Chapter 2 Overview of 802.16e system

2.4 Service and Data Flow

In Figure 2-14, we show the service flow of 802.16 system. IEEE 802.16 standard can support multiple services with different requirements of QoS, such as data, voice, video. The MAC layer defines QoS signaling mechanisms and functions that can control BS and MS data transmissions. The CS layer of downlink and uplink classifies the different QoS services into

UL BW

Figure 2-14 Example of 802.16 Service Flow

connections and assigns the connection with a unique connection indicator (CID). Then, the data of the connections are forwarded to the appropriate queues. On the downlink, the transmission is relatively simple because the BS is the only one that transmits during the

downlink subframe. The BS schedules the all downlink connections and the data are broadcasted to all MSs and an MS uses the DL-MAP information to picks up the data belong to it. The BS determines the number of slots that each MS will be allowed to transmit in an uplink subframe. This information is broadcasted by the BS through UL-MAP at the beginning of each frame. UL-MAP contains information element (IE), which include the transmission opportunities, i.e. the slots in which the MS can transmit during the uplink subframe. After receiving the UL-MAP, each MS will transmit data in the predefined slots as indicated in IE. The BS uplink-scheduler determines the IEs using BW-request sent from MSs to BS.

In Figure 2-15, we show the data flow of OFDMA TDD mode. The service traffic got into the MAC layer will be mapped into MAC SDUs. A MAC SDU is divided into one or more MAC PDUs or multiple MAC SDUs are packed into a single MAC PDU through the operation of fragmentation or packing.
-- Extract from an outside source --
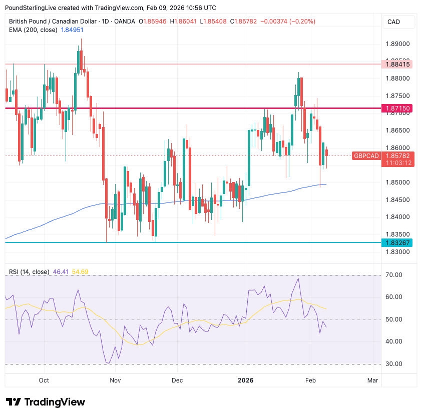 The pound to Canadian dollar exchange rate slipped to 1.8570 on Monday after retreating for a second consecutive week, unwinding earlier gains without signalling a decisive shift in trend.
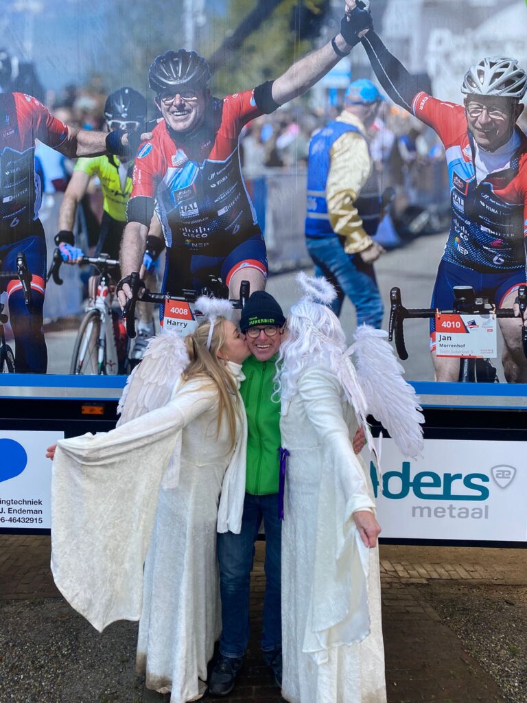 Bij de start kregen ze allemaal een ACON-kerstmuts uitgereikt en werden ze op weg geholpen door een vrolijke kerstman.

Multiple MAC PDUs may be concatenated into bursts having the same modulation and coding in either uplink or downlink directions. The bursts are mapped into OFDMA frame and transmitted after subcarrier permutation.

In this chapter, we brief introduce the IEEE 802.16e system and you can refer to [3][6][14~18] about those insufficient details. The wide bandwidth allocation and QoS mechanisms are provided in the 802.16 standard. But the details of scheduling, admission control and reservation management are left undefined and provide an important mechanism for vendors to differentiate their equipment. In this thesis, to effectively support real-time and non-real-time services, the system performance of 802.16e with different radio resource managements in scheduler controls and admission control criterion will be evaluated.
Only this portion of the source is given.